In de tuin van mijn buurvrouw is een jongen aan het werk. Een jaar of 15, VWO-leerling. ‘Hij heeft een vorm van autisme’, vertelde mijn buurvrouw onlangs. Vanochtend kwam deze jongen ook even bladblazen in mijn tuin. Ik liep naar buiten, om hem bij voorbaat te bedanken voor z’n werk. Hij zei weinig terug, en keek me niet aan. Even later stond hij nogal veel bladresten met zijn handen bijeen te vegen. Ik gaf hem een bezem en een veger en blik: erbij zeggend: ‘Dan gaat het vast sneller en beter’. ‘Ja’, zei hij mompelend terug.
‘Oh ja, autisme, da’s waar ook’, dacht ik in een flits. Om vervolgens ineens mezelf te zien. Vijftien jaar. Altijd verlegen geweest. Heel erg verlegen zelfs. Na de dood van mijn moeder – toen ik 8 was – werd die verlegenheid erger en erger. Ik trok me terug in mezelf en vond contact met andere mensen lastig. Ik ging het liever uit de weg. Als kind vroeg ik me wel eens af of ik mensenschuw was.
Wat zou er met mij zijn gebeurd in de tijd van nu? Hoe zou daar nu over gedacht worden? Zou ik ook zo’n soort stempel hebben gekregen?

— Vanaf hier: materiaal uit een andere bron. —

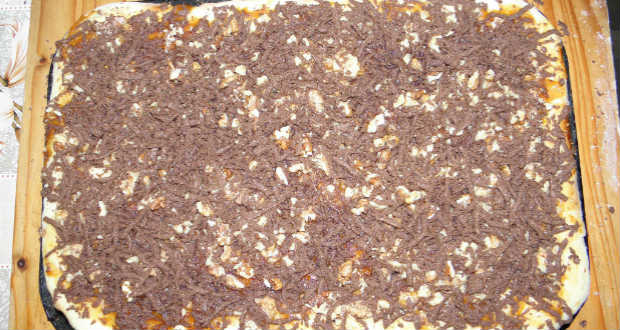 Ezt megkenjük lekvárral, majd megszórjuk darabos dióval és ráreszeljük a barna tészta 1/3 részét.

‘Mag je als kind eigenlijk nog wel heel gewoon heel erg verlegen zijn?’ vraag ik me af, de bezem en veger & blik intussen weer in m’n handen. Verlegenheid kun je overgroeien. Mij is het (grotendeels) gelukt. Niet gemakkelijk, maar ik heb er veel van geleerd. Het stempel ‘autist‘ draag je levenslang met je mee. Daar kom je niet meer vanaf.
Verlegen. Heeft een kind eigenlijk nog het recht om gewoon verlegen te zijn? Ook als je héél erg verlegen bent?
Laatste berichten van Titia Liese (toon alles)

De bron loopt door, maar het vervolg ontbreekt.